The fictional Song keeps the younger sister, Haizao, as his mistress courtesy of a developer keen to curry favour. Leveraging his clout as a mayoral secretary, Song sorts out the sisters' money troubles and gives them luxury homes.

His downfall mirrors that of Qin Yu, who was Chen's secretary.Qin, now 45, was an academic-turned-official and a key culprit in the pension fund scandal. He was sentenced to life imprisonment after accepting 6.8 million yuan in bribes. His downfall was the precursor to the removal of Chen.

Most of Qin's illicit gains came in the form of free apartments from favour-seekers, just like the fictional Song. And Qin also kept mistresses, reportedly through 'matchmaking' by developers.

Intriguingly, one of the investors in Humble Abode was the Shanghai Media Group, an entertainment conglomerate backed by the local government, along with the Beijing-based Huayi Brothers Group. SMG bought the storyline from a Singapore-based, best-selling Chinese author, Liuliu, who said she drew inspiration from 'online chat rooms and forums'.
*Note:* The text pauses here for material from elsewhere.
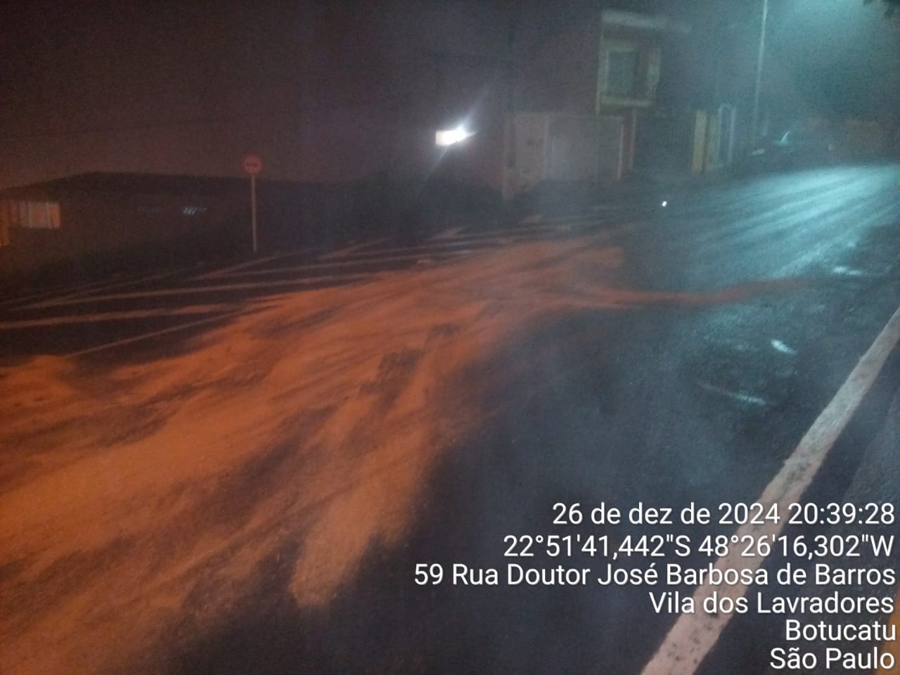 Uma testemunha, que entrou em contato com a Defesa Civil, relatou que várias motos escorregaram no trecho próximo ao semáforo da movimentada rua Major Matheus, onde a quantidade de óleo na pista era significativa.

The show has been a major topic among the online community, whose members, in addition to comparing Song and Qin, have been intrigued by the elusive mayor. 'It's obvious they avoided casting a party boss as the ultimate bad guy not only to shy away from explicitly pointing to Chen but also to save face,' one contributor observed.

The show's appeal goes beyond its bold storylines. It also subtly taps into something that is rarely spoken of publicly - a certain level of sympathy for Chen among Shanghainese.

After his downfall, Chen and his subordinates were portrayed by state media as presumptuous bureaucrats, who did nothing but trade power for personal gain. But many Shanghainese privately subscribe to a less black-and-white view. Chen, they say, may have been arrogant and corrupt, and his relationship with developers helped fuel a property boom that turned thousands into 'house slaves'. But at the same time he was competent and efficient, his aggressive attitude was in stark contrast to the usual bureaucratic inertia and his downfall was as much to do with a party power struggle as anything.

As for corruption, which official isn't corrupt, they ask.

Song exemplifies this standpoint. Instead of being the usual cardboard cut-out villain of Chinese drama, Song comes across rather well. He is a genuine lover rather than a womaniser, a man of commitment not an insatiable embezzler, and gentle rather than a heartless criminal.

He is ultimately a tragic figure - a reasonable man in a system that turns everybody bad. This is the subtlest message of them all in Humble Abode. If someone like Song can go so horribly wrong, what hope is there for the rest of them?